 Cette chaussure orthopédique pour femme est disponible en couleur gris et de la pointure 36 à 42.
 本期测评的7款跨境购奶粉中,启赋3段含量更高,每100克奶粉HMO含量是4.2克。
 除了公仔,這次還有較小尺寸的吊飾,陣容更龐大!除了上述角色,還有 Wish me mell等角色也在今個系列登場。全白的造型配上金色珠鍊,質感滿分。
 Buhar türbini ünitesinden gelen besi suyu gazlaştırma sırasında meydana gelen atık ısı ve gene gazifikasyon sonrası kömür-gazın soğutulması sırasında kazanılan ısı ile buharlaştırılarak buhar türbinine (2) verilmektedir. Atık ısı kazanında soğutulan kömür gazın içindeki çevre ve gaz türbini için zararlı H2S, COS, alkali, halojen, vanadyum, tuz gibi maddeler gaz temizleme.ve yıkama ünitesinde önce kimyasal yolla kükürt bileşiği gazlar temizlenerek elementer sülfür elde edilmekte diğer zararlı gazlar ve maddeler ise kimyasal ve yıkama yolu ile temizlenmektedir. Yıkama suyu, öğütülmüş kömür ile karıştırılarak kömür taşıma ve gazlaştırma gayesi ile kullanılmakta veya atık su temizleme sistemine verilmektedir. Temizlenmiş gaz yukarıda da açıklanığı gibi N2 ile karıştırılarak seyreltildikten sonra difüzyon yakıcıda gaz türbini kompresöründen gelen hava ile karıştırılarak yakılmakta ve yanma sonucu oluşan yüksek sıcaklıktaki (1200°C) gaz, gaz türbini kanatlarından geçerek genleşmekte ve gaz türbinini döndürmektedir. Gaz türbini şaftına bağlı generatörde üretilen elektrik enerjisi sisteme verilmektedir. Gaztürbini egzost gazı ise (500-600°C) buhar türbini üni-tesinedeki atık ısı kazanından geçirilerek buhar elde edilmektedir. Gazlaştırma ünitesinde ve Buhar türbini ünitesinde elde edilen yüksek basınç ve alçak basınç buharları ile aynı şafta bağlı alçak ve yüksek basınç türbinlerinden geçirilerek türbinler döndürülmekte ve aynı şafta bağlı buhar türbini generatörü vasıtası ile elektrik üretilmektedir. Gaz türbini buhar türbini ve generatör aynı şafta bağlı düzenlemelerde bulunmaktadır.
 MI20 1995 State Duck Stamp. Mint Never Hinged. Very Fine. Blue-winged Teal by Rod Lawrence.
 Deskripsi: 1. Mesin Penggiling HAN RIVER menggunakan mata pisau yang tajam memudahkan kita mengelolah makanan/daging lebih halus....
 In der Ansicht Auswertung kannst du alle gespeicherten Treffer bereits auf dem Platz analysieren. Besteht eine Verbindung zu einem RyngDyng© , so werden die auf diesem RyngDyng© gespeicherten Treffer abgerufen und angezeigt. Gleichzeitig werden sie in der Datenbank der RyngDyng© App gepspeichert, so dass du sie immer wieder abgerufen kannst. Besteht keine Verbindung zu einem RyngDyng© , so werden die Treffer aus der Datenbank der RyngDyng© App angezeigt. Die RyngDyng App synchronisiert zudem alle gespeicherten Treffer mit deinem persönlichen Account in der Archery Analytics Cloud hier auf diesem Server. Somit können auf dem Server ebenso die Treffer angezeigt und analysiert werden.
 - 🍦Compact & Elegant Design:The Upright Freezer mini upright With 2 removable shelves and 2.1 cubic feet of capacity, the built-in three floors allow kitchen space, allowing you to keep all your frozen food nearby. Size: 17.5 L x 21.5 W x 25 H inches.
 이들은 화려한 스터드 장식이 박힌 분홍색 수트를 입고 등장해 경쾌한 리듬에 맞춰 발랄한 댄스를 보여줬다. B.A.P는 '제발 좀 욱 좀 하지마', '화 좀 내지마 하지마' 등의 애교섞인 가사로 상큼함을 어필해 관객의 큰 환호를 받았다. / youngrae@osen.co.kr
_ _ _ _ _
» TASK TO CARRY OUT: Each record must be output exactly, with none omitted.

» RESULT:
 Cette chaussure orthopédique pour femme est disponible en couleur gris et de la pointure 36 à 42.
 本期测评的7款跨境购奶粉中,启赋3段含量更高,每100克奶粉HMO含量是4.2克。
 除了公仔,這次還有較小尺寸的吊飾,陣容更龐大!除了上述角色,還有 Wish me mell等角色也在今個系列登場。全白的造型配上金色珠鍊,質感滿分。
 Buhar türbini ünitesinden gelen besi suyu gazlaştırma sırasında meydana gelen atık ısı ve gene gazifikasyon sonrası kömür-gazın soğutulması sırasında kazanılan ısı ile buharlaştırılarak buhar türbinine (2) verilmektedir. Atık ısı kazanında soğutulan kömür gazın içindeki çevre ve gaz türbini için zararlı H2S, COS, alkali, halojen, vanadyum, tuz gibi maddeler gaz temizleme.ve yıkama ünitesinde önce kimyasal yolla kükürt bileşiği gazlar temizlenerek elementer sülfür elde edilmekte diğer zararlı gazlar ve maddeler ise kimyasal ve yıkama yolu ile temizlenmektedir. Yıkama suyu, öğütülmüş kömür ile karıştırılarak kömür taşıma ve gazlaştırma gayesi ile kullanılmakta veya atık su temizleme sistemine verilmektedir. Temizlenmiş gaz yukarıda da açıklanığı gibi N2 ile karıştırılarak seyreltildikten sonra difüzyon yakıcıda gaz türbini kompresöründen gelen hava ile karıştırılarak yakılmakta ve yanma sonucu oluşan yüksek sıcaklıktaki (1200°C) gaz, gaz türbini kanatlarından geçerek genleşmekte ve gaz türbinini döndürmektedir. Gaz türbini şaftına bağlı generatörde üretilen elektrik enerjisi sisteme verilmektedir. Gaztürbini egzost gazı ise (500-600°C) buhar türbini üni-tesinedeki atık ısı kazanından geçirilerek buhar elde edilmektedir. Gazlaştırma ünitesinde ve Buhar türbini ünitesinde elde edilen yüksek basınç ve alçak basınç buharları ile aynı şafta bağlı alçak ve yüksek basınç türbinlerinden geçirilerek türbinler döndürülmekte ve aynı şafta bağlı buhar türbini generatörü vasıtası ile elektrik üretilmektedir. Gaz türbini buhar türbini ve generatör aynı şafta bağlı düzenlemelerde bulunmaktadır.
 MI20 1995 State Duck Stamp. Mint Never Hinged. Very Fine. Blue-winged Teal by Rod Lawrence.
 Deskripsi: 1. Mesin Penggiling HAN RIVER menggunakan mata pisau yang tajam memudahkan kita mengelolah makanan/daging lebih halus....
 In der Ansicht Auswertung kannst du alle gespeicherten Treffer bereits auf dem Platz analysieren. Besteht eine Verbindung zu einem RyngDyng© , so werden die auf diesem RyngDyng© gespeicherten Treffer abgerufen und angezeigt. Gleichzeitig werden sie in der Datenbank der RyngDyng© App gepspeichert, so dass du sie immer wieder abgerufen kannst. Besteht keine Verbindung zu einem RyngDyng© , so werden die Treffer aus der Datenbank der RyngDyng© App angezeigt. Die RyngDyng App synchronisiert zudem alle gespeicherten Treffer mit deinem persönlichen Account in der Archery Analytics Cloud hier auf diesem Server. Somit können auf dem Server ebenso die Treffer angezeigt und analysiert werden.
 - 🍦Compact & Elegant Design:The Upright Freezer mini upright With 2 removable shelves and 2.1 cubic feet of capacity, the built-in three floors allow kitchen space, allowing you to keep all your frozen food nearby. Size: 17.5 L x 21.5 W x 25 H inches.
 이들은 화려한 스터드 장식이 박힌 분홍색 수트를 입고 등장해 경쾌한 리듬에 맞춰 발랄한 댄스를 보여줬다. B.A.P는 '제발 좀 욱 좀 하지마', '화 좀 내지마 하지마' 등의 애교섞인 가사로 상큼함을 어필해 관객의 큰 환호를 받았다. / youngrae@osen.co.kr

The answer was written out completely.